Starting at the line with "선수와 마찬가지로 코치도" and ending at the line with "首先,由14届队员曾美影向小", print exactly the lines of the entries below. Pictures do not belong in the copy.
BEGIN Provided data
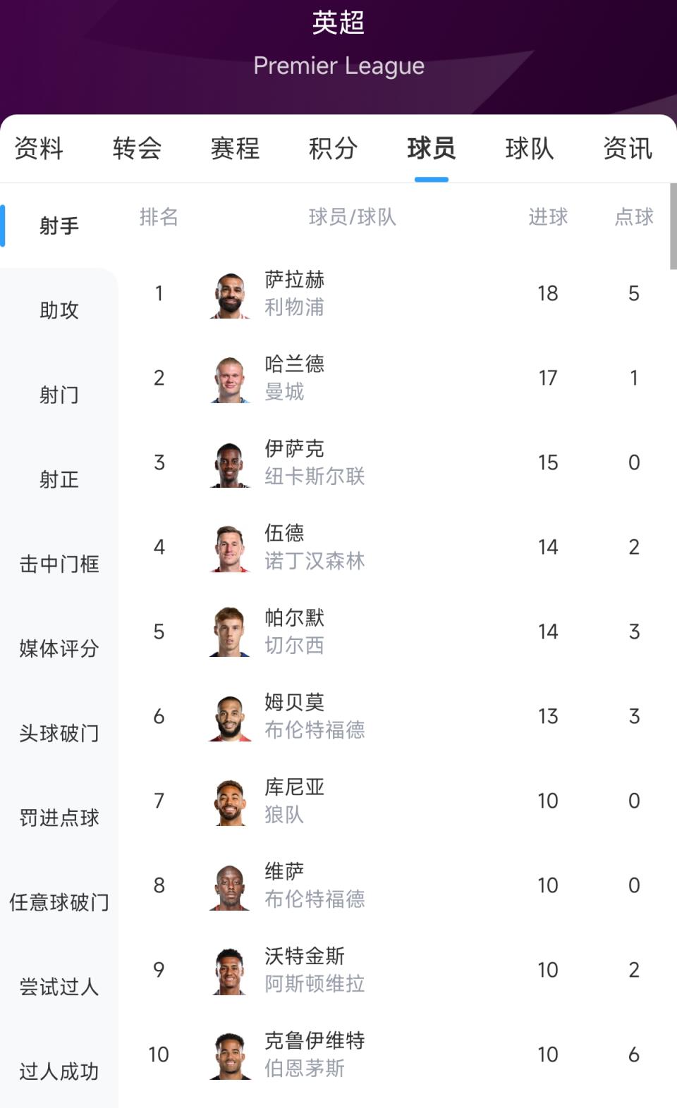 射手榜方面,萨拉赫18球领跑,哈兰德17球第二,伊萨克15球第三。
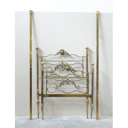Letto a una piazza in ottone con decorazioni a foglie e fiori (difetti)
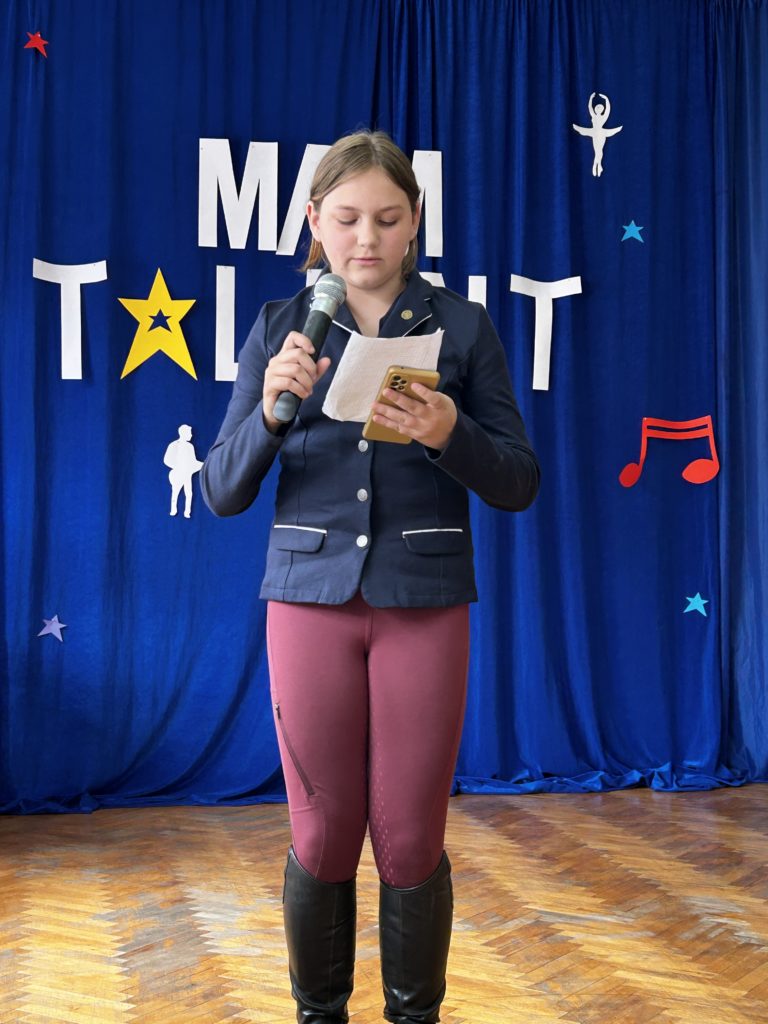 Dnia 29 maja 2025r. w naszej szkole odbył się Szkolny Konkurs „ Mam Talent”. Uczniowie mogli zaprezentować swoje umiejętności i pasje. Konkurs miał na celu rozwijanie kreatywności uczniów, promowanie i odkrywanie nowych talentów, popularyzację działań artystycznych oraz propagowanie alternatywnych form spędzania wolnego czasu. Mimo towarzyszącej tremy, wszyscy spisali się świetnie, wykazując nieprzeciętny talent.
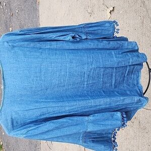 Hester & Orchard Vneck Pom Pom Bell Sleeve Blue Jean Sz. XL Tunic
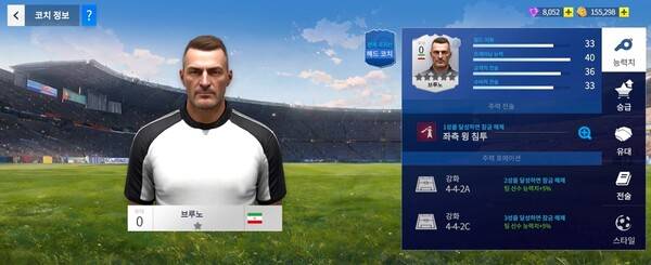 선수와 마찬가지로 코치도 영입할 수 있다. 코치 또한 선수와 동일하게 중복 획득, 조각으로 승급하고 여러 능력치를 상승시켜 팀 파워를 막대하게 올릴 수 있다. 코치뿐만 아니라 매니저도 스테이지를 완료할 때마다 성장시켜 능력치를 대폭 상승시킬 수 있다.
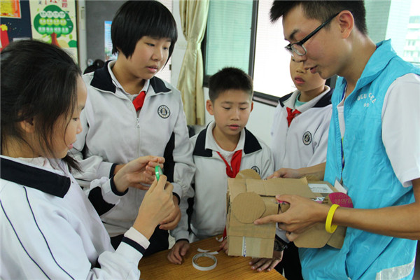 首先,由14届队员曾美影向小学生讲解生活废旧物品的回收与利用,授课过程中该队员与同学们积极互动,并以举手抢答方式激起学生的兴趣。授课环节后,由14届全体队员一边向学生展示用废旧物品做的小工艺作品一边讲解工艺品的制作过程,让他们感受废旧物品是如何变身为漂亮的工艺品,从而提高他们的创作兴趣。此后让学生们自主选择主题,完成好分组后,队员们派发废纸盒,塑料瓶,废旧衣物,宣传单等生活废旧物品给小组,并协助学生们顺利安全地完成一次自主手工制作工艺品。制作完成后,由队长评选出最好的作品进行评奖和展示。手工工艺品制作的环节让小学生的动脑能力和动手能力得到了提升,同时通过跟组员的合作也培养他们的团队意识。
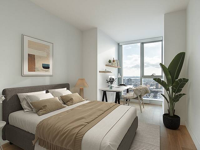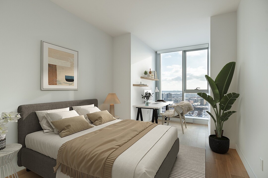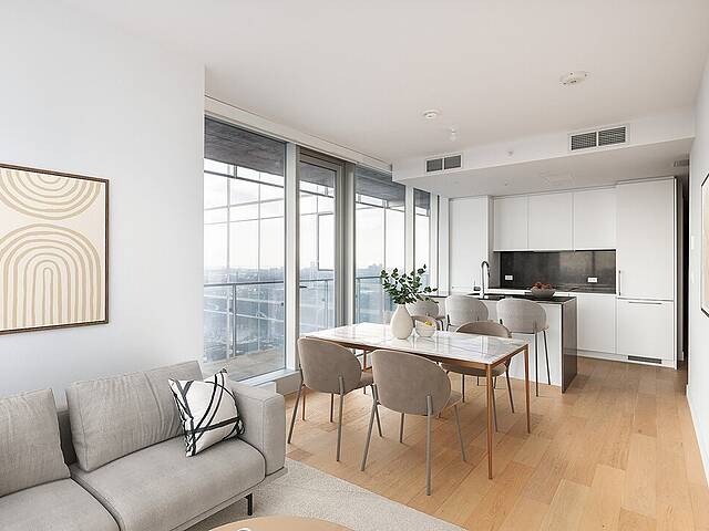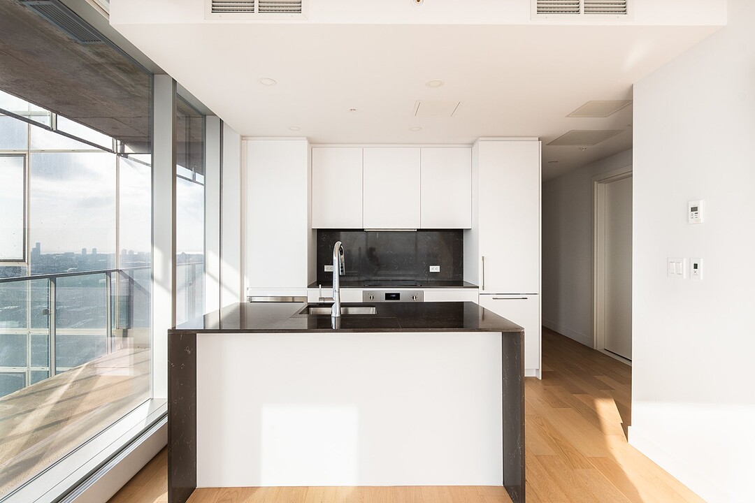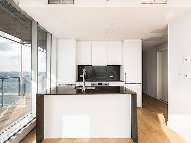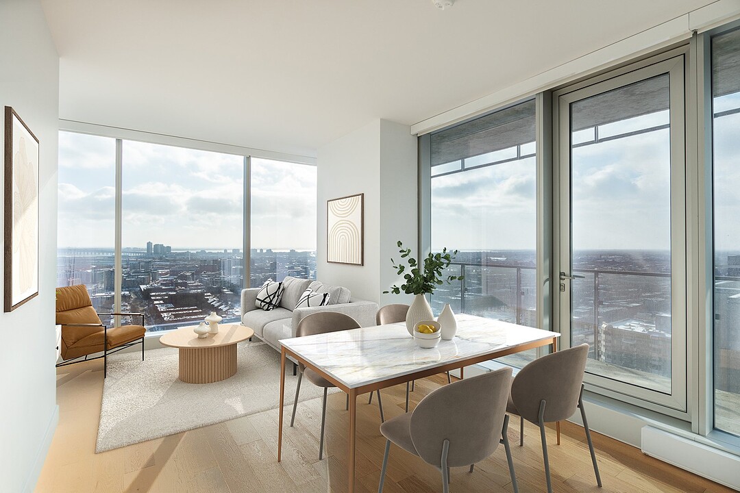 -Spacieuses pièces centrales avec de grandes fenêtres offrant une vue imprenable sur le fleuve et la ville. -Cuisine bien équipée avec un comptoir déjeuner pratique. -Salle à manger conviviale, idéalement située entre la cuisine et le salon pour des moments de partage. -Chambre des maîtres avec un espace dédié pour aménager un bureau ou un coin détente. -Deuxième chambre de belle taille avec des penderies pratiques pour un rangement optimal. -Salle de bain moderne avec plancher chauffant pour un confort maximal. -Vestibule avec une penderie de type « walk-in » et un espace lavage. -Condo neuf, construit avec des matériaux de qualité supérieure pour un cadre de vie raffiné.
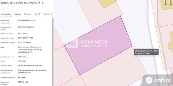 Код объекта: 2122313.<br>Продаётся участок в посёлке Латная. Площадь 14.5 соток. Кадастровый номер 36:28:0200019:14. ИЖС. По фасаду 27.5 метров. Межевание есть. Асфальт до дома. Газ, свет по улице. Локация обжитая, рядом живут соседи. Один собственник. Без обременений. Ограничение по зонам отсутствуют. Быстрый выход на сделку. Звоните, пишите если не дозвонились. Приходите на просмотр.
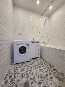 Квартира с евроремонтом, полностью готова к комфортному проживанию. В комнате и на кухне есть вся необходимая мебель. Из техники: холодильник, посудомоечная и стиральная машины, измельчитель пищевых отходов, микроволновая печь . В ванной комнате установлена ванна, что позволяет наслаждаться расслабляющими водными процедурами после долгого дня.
END Provided data
BEGIN Provided data
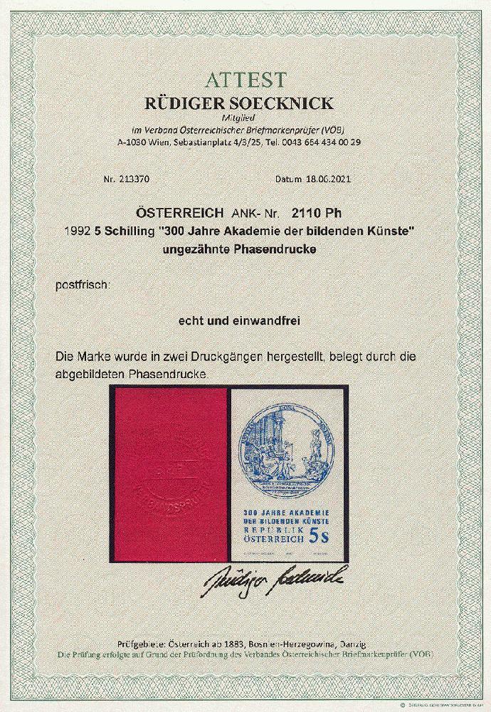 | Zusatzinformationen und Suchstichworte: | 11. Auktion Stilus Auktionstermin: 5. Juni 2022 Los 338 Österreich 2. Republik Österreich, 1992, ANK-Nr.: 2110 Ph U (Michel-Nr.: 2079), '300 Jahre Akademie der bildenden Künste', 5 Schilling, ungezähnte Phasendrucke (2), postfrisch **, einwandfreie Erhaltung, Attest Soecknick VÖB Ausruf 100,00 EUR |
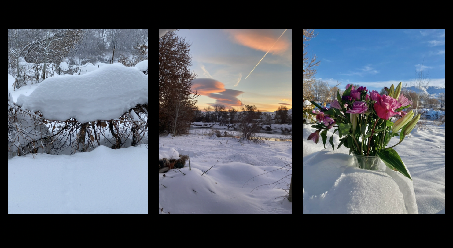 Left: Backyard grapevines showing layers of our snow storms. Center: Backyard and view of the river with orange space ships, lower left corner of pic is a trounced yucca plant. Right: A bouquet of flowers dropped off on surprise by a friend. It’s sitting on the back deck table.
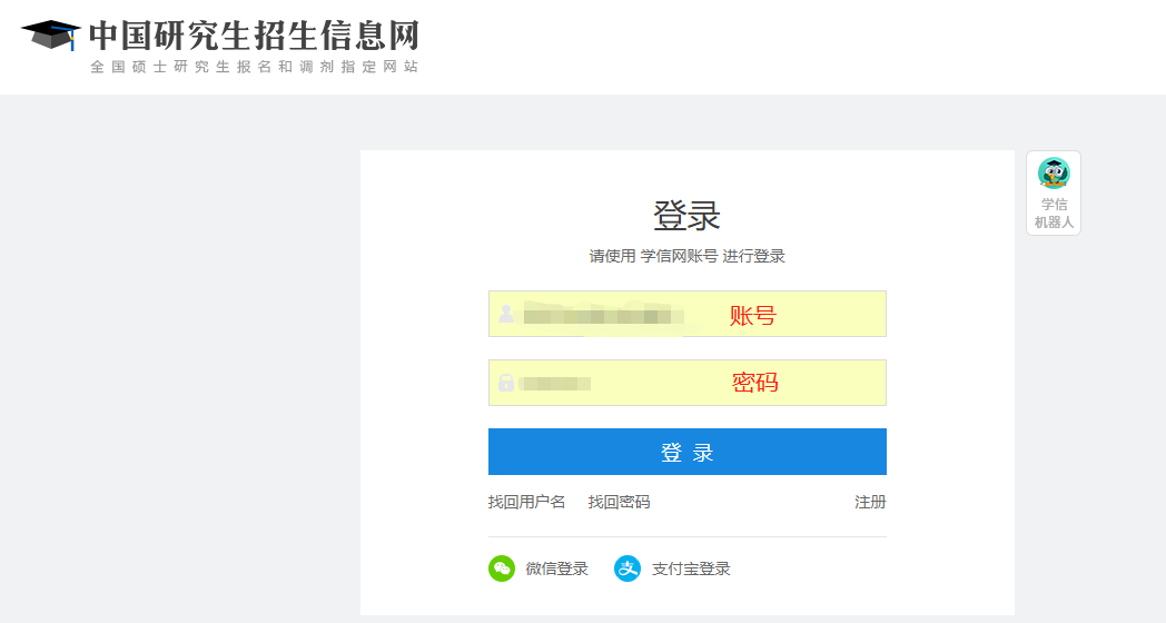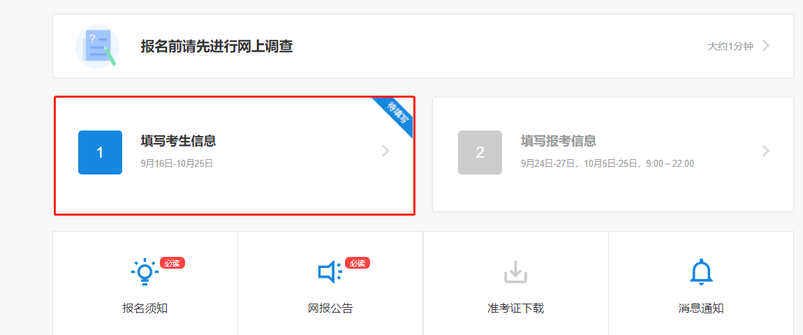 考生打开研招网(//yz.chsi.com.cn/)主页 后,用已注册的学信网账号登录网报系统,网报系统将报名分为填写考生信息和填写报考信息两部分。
END Provided data
-- Written reply --
 선수와 마찬가지로 코치도 영입할 수 있다. 코치 또한 선수와 동일하게 중복 획득, 조각으로 승급하고 여러 능력치를 상승시켜 팀 파워를 막대하게 올릴 수 있다. 코치뿐만 아니라 매니저도 스테이지를 완료할 때마다 성장시켜 능력치를 대폭 상승시킬 수 있다.
 首先,由14届队员曾美影向小学生讲解生活废旧物品的回收与利用,授课过程中该队员与同学们积极互动,并以举手抢答方式激起学生的兴趣。授课环节后,由14届全体队员一边向学生展示用废旧物品做的小工艺作品一边讲解工艺品的制作过程,让他们感受废旧物品是如何变身为漂亮的工艺品,从而提高他们的创作兴趣。此后让学生们自主选择主题,完成好分组后,队员们派发废纸盒,塑料瓶,废旧衣物,宣传单等生活废旧物品给小组,并协助学生们顺利安全地完成一次自主手工制作工艺品。制作完成后,由队长评选出最好的作品进行评奖和展示。手工工艺品制作的环节让小学生的动脑能力和动手能力得到了提升,同时通过跟组员的合作也培养他们的团队意识。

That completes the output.